É a partir dessa dialética do interno e do externo e da perpétua interiorização no homem, sob forma de conhecimento, das aquisições de sua ciência “exterior”, que é preciso experimentar o acesso consciente e voluntário à realidade natural transfigurada, isto é, tentar dominar o orgasmo. Dominar o orgasmo é conquistar todos os poderes. A esse respeito, nunca se dará importância suficiente ao estudo do modo de ação das drogas que, mesmo de maneira formal ou por simples analogia, permite estruturar certos estados reputados obscuros ou inefáveis e reconstituir sua gênese. Não colocaremos nenhuma irreverência nessa constatação, possível entre muitas outras, de que a oração, reduzida à repetição mecânica de fórmulas, entorpece certas funções para excitar outras e se inscreve ela também na série indefinida das drogas: a esse respeito, certos aproximações e conclusões se tornarão possíveis, que iluminarão de maneira útil a via chamada devocional. E talvez pressintamos desde já a verdade que buscamos se opusermos à artificialidade das drogas, que é a chave dessa via, uma naturalidade superior capaz de integrar sem esforço a tentação e a necessidade da droga e de sua repetição, assim como seus frutos, a via que chamaremos gnóstica, que permanece no momento para nós puramente teórica ou ideal, pois só a concebemos para escapar dos vícios, declínios, quedas ou ilusões inerentes à outra via, mas que todo nosso esforço presente tende justamente a abrir para se abolir como esforço.

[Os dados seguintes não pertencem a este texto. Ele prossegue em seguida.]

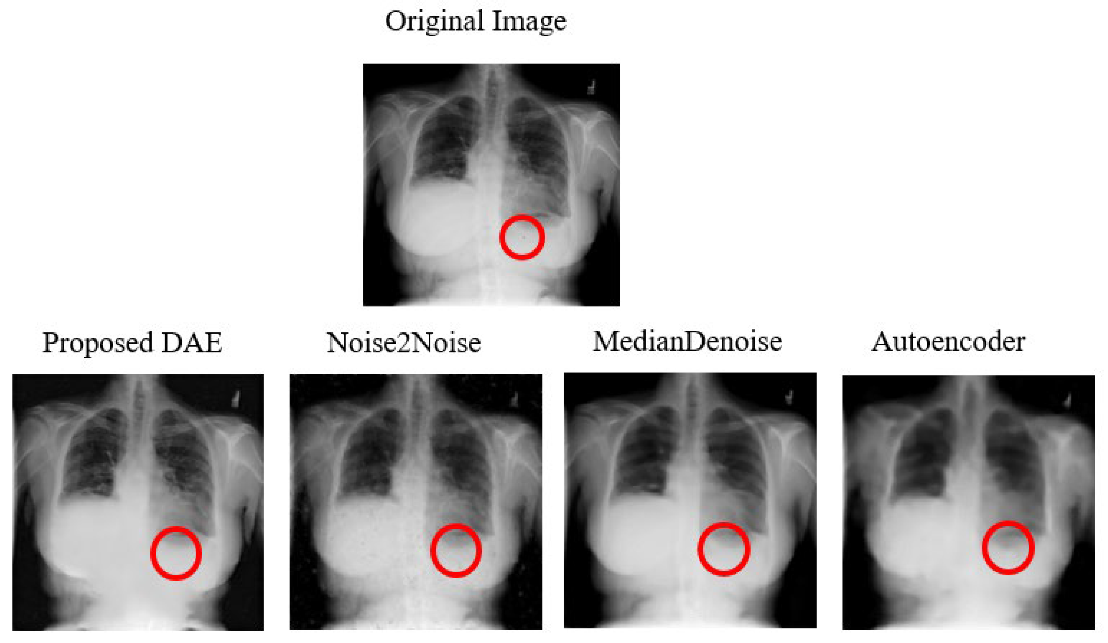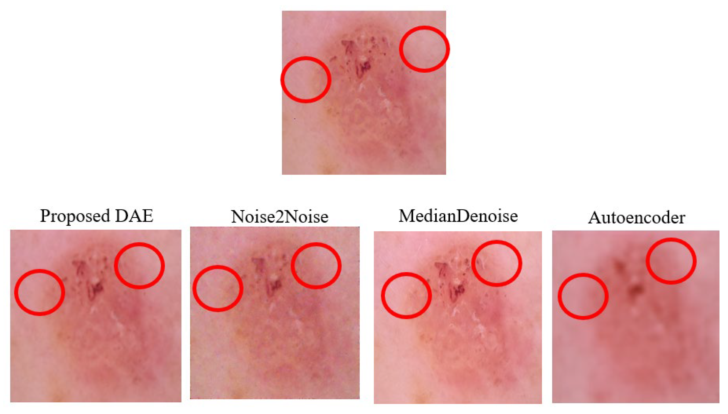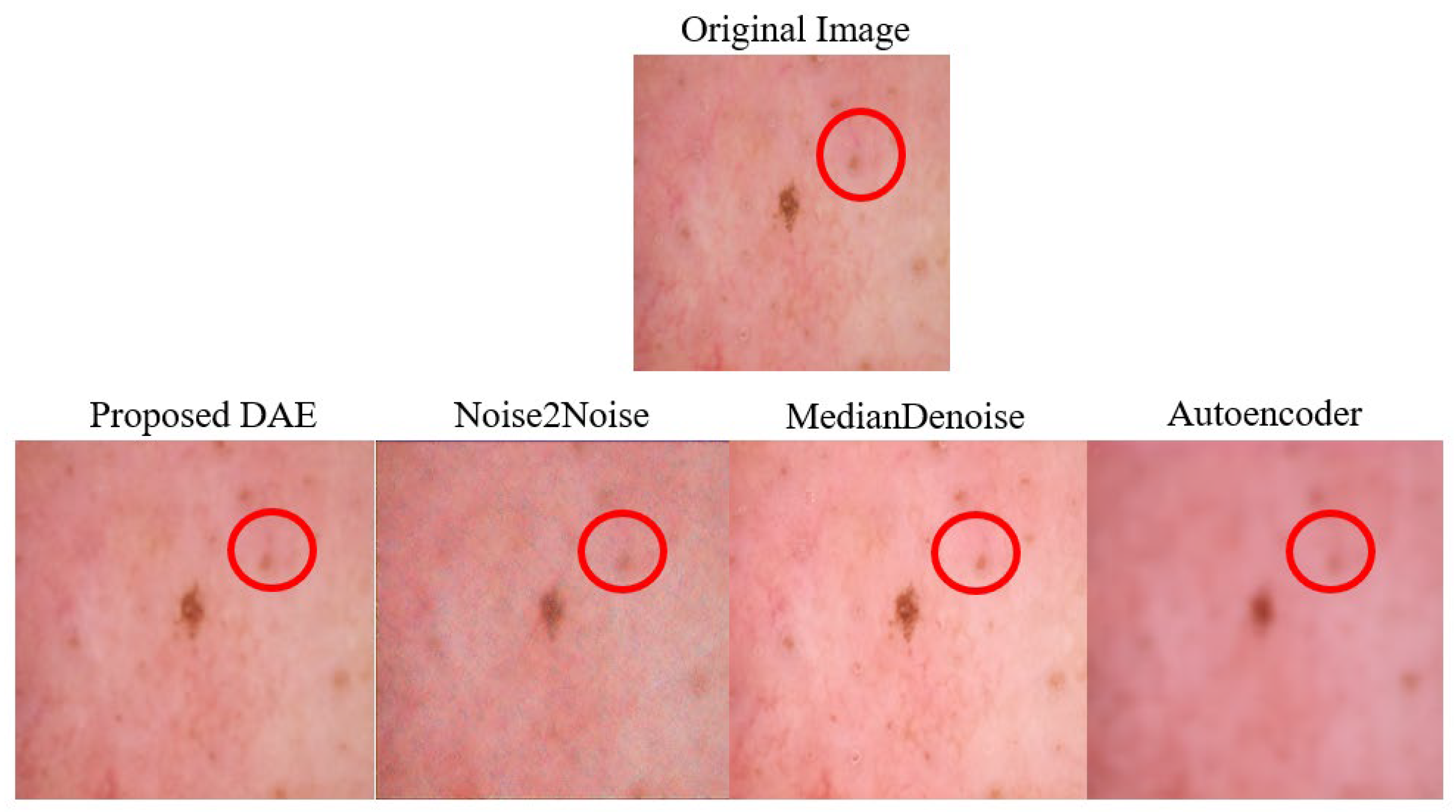 This model refers to the one proposed by Senapati et al. [9] and adjusts the architecture of the original model. An autoencoder is a neural network model primarily used for unsupervised learning and feature learning. Its core concept entails encoding and decoding input data to learn a compressed representation of it while preserving important information. The denoising autoencoder (DAE) used in this study is a variant of autoencoders that are specifically designed to handle noisy data. Unlike traditional autoencoders, the primary goal of DAEs is to restore original noise-free images by learning from noisy input images. They are widely applied to real-world image processing tasks due to their ability to adapt and automatically learn the features of diverse data.

A primeira questão é saber qual nível do corpo as drogas excitam e qual outro nível elas entorpecem. Toda embriaguez contém juntos fatores de euforia e agressividade. Em si, essa dualidade é banal. A euforia é o produto da dilatação, do desenraizamento do corpo; a agressividade, de sua necessidade de reencontro. Nos bêbados, a ideia fixa é a consequência ambivalente desses dois estados, participa de um e de outro, é um produto da necessidade de evasão e da necessidade de ancoragem; o bêbado insiste em se ver Deus ou César no pobre reino de suas ambições reprimidas. No entanto, há embriaguezes inspiradas como há embriaguezes vulgares. A euforia, que entorpece o corpo físico, liberta os sonhos e os ideais, mas estes valem o que vale o fundo gnósico capitalizado no homem, e podem habitar todos os círculos do céu e do inferno, do nível das larvas sem consciência ao das altas assunções. Dir-se-ia que a droga só dilata ou relaxa o corpo físico na horizontal, em modo de amplitude, para libertar o corpo psíquico ou o corpo mental na vertical, em modo de intensidade, e aliás nos dois sentidos dessa vertical, para Satanás, que é a matéria privada de espírito, e para Lúcifer, que é o espírito recusando a matéria. Daí uma definição possível: é “droga” tudo o que aumenta a tensão do par tellurismo-niilismo. Daí também as ambiguidades que a embriaguez conhece: o inspirado exausto ou decepcionado cai na devassidão, mas uma devassidão inventiva, os místicos se tornam libertinos e libertinos devassos, o “trago de cachaça” libera os instintos de assassinato ao mesmo tempo que os de sacrifício e faz indiferentemente assassinos e heróis.